On the valuation front, Federal Bank trades at about 1.4x P/B on a trailing 12-month basis, Agrawal said, adding that the stock is reasonably valued when compared with Karur Vysya Bank and City Union Bank, which are priced from 1.5 to 1.7 times.
'Most of the negatives are already priced in and with improving clarity on leadership and execution of Strategy 4.0, the stock is well-positioned for a potential re-rating," Agrawal said.
Flip side
However, if the bank's asset quality issues – lingering for the past few quarters – remain unresolved, they could continue to weigh on the stock, Agrawal said. While the bank appears confident across most segments, the microfinance space remains a bit of a sore spot due to elevated delinquencies.
Microfinance stress has been a pain point not just for Federal Bank but for most lenders, said Dnyanada Vaidya, BFSI research analyst at Axis Securities. However, microfinance accounted for less than 2% of the bank's loan book as of Q1 – which keeps the overall risk contained, she explained.
The bank's advances to unsecured segments, especially microfinance, is limited in the overall portfolio compared with those of some of its peers. Apart from the microfinance segment, Federal Bank does not see major asset quality headwinds in the secured segments.
Federal Bank's microfinance advances dropped 4% quarter-on-quarter to ₹3,939 crore in Q1 from ₹4,112 crore in the previous quarter. The lender said on the earnings call that microfinance stress peaked in May, and slippages – even in microfinance – came down in June and July.
'And we are hoping that the trend is there to stay," Manian said.
Some analysts said that while the strategic pivot is right for the long haul, it could dampen growth and returns in the near term. Federal Bank's roadmap is expansive and well-crafted. It is also ambitious, which means execution risks may outweigh the upside in the immediate future.
While commendable for long-term value creation, the strategy entails slower medium-term growth reflected in tepid growth numbers, Centrum said in a report on 3 August.
'Even banks with stronger brands and wider distribution networks are struggling to achieve substantial growth in low-cost deposits. This indicates an uphill task for the bank's recalibrated strategy," Centrum said.
While the bank seems committed to making the right strategic shifts, 'the ongoing transition is likely to bring near-term challenges and earnings variability," analysts at Elara Capital noted in a report dated 3 August.
How Q1 played out
Gross non-performing assets (NPAs) rose to 1.91% in Q1 after narrowing steadily for the past four quarters. In the previous quarter, gross NPA was 1.84%.

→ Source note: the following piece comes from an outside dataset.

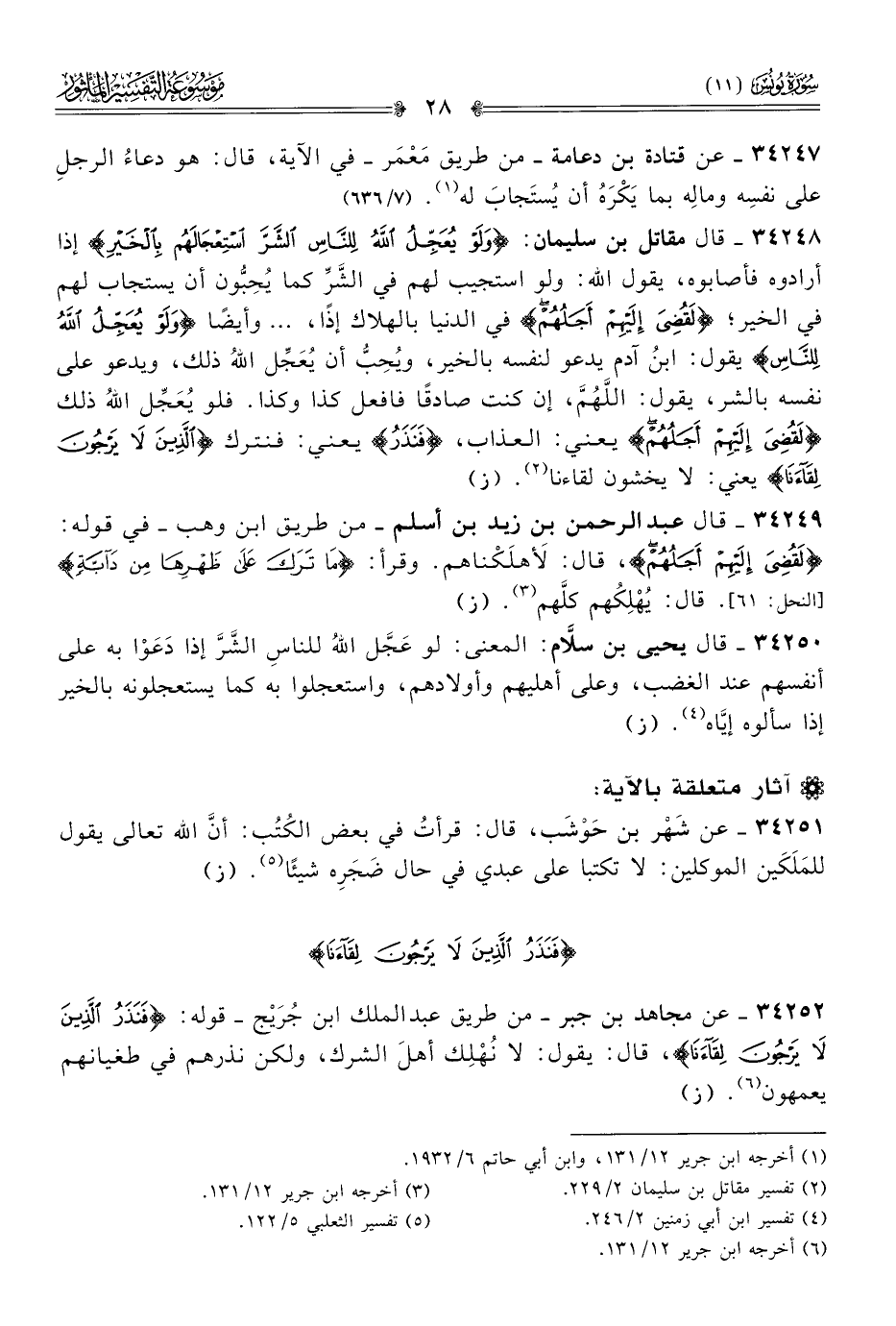 ٣٤٢٥٢ - عن مجاهد بن جبر -من طريق عبد الملك ابن جُرَيْج- قوله: {فنذر الذين لا يرجون لقاءنا}، قال: يقول: لا نُهْلِك أهلَ الشرك، ولكن نذرهم في طغيانهم يعمهون (¬٦). (ز)

Federal Bank's slippage rate rose to 1.11% in the reporting quarter from 0.84% in the previous quarter. The lender said elevated slippages were largely driven by microfinance loans and added that incremental stress is seen in microfinance while the remaining book remains resilient.
Credit costs rose to 65 bps in Q1, a jump from the ~50 bps range the bank had held steady over the past two years.
Factors to watch
Some analysts said the bank's asset quality will need close monitoring in the near to medium term, particularly as the loan mix evolves, since there are few other levers left to sustain return on assets.
Investors should closely watch for a pickup in credit growth and margin improvement, driven by the shift in the mix towards better-yielding segments that can translate into a stronger return on assets. Vaidya of Axis Securities said credit growth could pick up in FY27, supported by improved consumption demand and favourable macros.
The bank's return on assets in Q1 stood at about 1%, weighed down by higher credit costs. However, Vaidya said she expects the bank to end FY26 with a return of about 1.1% compared with 1.2-1.3% reported in previous years. This can be attributed primarily due to net interest margin pressures and marginally higher credit costs.